Shared Time by Scardavino

Two brothers visit their ageing mother who seems no longer to be able to tell them apart.

Image generated with OpenAI
The door to my mother's house always creaked the same way, a sad groan announcing my arrival. Inside, time was different. It smelled of medicine, of boiled chicken, and of a heavy silence.

Three hours. That was my share every Friday. Marcos, my brother, came on Tuesdays. At first, Mom got confused. She called me by his name, asked about things I hadn't lived. At first, we corrected her: It's me, Mom, I'm Javier. Marcos visited you on Tuesday.

But seeing her face in that moment of confusion and disorientation was like giving her an invisible slap. Her eyes, once so alive, clouded with infinite sadness. Until one day, Marcos called me.

"Javi, what if... we stop insisting she recognize us by our names?" His voice was tired, broken. "What if we just become the son? It'll be easier for her. And we'll spare ourselves that... painful moment."
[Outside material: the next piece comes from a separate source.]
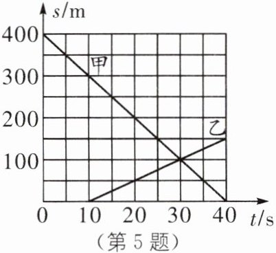 5.A [解析]由图像可知,甲在40s内通过的路程为400m,甲的运动速度为$v_{甲}=\frac{s_{甲}}{t_{甲}}=\frac{400m}{40s}=10m/s$,故A正确;由图像可知,在0~10s内,甲做匀速直线运动,而乙处于静止状态,10~30s,甲、乙均做匀速直线运动,故B错误;由图像可知,在0~10s内,乙处于静止状态,在10s后乙物体才做匀速直线运动,所以乙比甲要晚10s出发,故C错误;由图像可知,甲、乙相遇时(即两图线相交),甲通过的路程为400m - 100m = 300m,乙通过的路程为100m,故D错误。

I hung up and cried. Cried for what it meant, for the miserable comfort that idea carried. Accepting that my mother had forgotten me forever.

The following Friday, when she smiled at me from her chair and said, "Son, it's so good to see you," I just smiled back and kissed her forehead.

"I've missed you too, Mom."

That was how our arrangement was born, our guilty relief. Marcos and I stopped existing as individuals in that room. We were one son, a part-time consolation. I told her how work was going (Marcos's work, he's an architect), and she nodded, content. I promised that next time I'd bring the cookies she loved (the ones Marcos baked well). It was a beautiful lie, a patch thrown over the abyss.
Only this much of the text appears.